The determination to make this publication was brought about by frequent calls on me for one or another of the articles embraced in it. Sometimes a gentleman has written to me for a copy of an address or lecture, which he wished to send to his son in college. Another person would ask for an article on a scientific subject, while many sought descriptions of portions of the mountainous regions of North Carolina. Politicians expressed a desire to have a copy of a particular speech which was remembered as having been made in one of the Houses of Congress.

Not being able otherwise to comply with such wishes, I decided to put a number of the articles sought for in the form of a book. To many of the Congressional speeches I have added explanatory remarks that will serve to indicate the condition of affairs which seemed to render such a speech necessary. Important facts can thus be made. known, and additional interest be given to what was said. Earnest debates, presenting the prominent points at issue, being a part of the res gesta, with proper explanations of the conditions then existing, are far more interesting than any subsequent history, prepared as they usually are. It was the younger Pitt, I think, who said that he would rather have one of Bolingbroke's speeches as delivered than the lost books of Livy's great history.

The most important results are often produced by events known only to a few actors concerned in them, which no outsider will ever understand except through explanations made by those conversant with the transactions.

In making up the political portions of this publication, such matter only has been selected as may, in my judgment, throw light on points that are still interesting to the public.

In the selections it will be seen that there has been no effort to support any particular theory or line of policy. Nor is there any purpose to establish political consistency in the speaker. The only consistency worthy of consideration is consistency to a man's convictions. To be true to the principles recognized as important, is the only object to be desired.

Mere devotion to party, instead of being a merit, is a reproach to a statesman. In fact, no man ever did acquire the character of a statesman who was the mere devotee of a party. To assume, for example, that because a man in 1840 supported General Harrison as the nominee of the Whig party, he was thereby bound to vote for General Scott in 1852, or for Seward, Giddings or Lincoln in 1860, if thus nominated, would be scarcely less absurd than it would be to affirm that because the Mississippi river at its source was limpid, it must be equally clear at its mouth; or to insist that a man who was seen planting corn in April, was inconsistent because he did not continue planting it in December.

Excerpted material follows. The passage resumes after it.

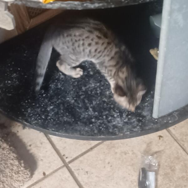 message supereasyshop about this ad Savannah kittens Purebred F-5 generalation 1 solid black markings male 1 silver and black markings male Call 216 225 4282 Ready to go to new home - REDUCED PRICE Mother brown and black markings laying down Father silver and black markings standing near broom |

By the general judgment of those who knew him intimately, Mr. Clay was regarded as the most public-spirited and patriotic man of his time; and yet, I never knew a man who seemed to be more gratified by receiving applause, nor who appeared more anxious to win in whatever he undertook to accomplish. Nevertheless, whenever the public interest seemed to demand it, he did not hesitate to change his line of action. Repeatedly, in the course of a few weeks, he would modify his position on a most important issue. This, however, was always done to obtain what he deemed the greatest good that could be accomplished.

Again, I have often, when an important issue was presented to a man, heard him say, "this may be right, but I took ground last year against it before my people, and I cannot go for it now." Another would oppose it because in some former speech he had expressed a different opinion.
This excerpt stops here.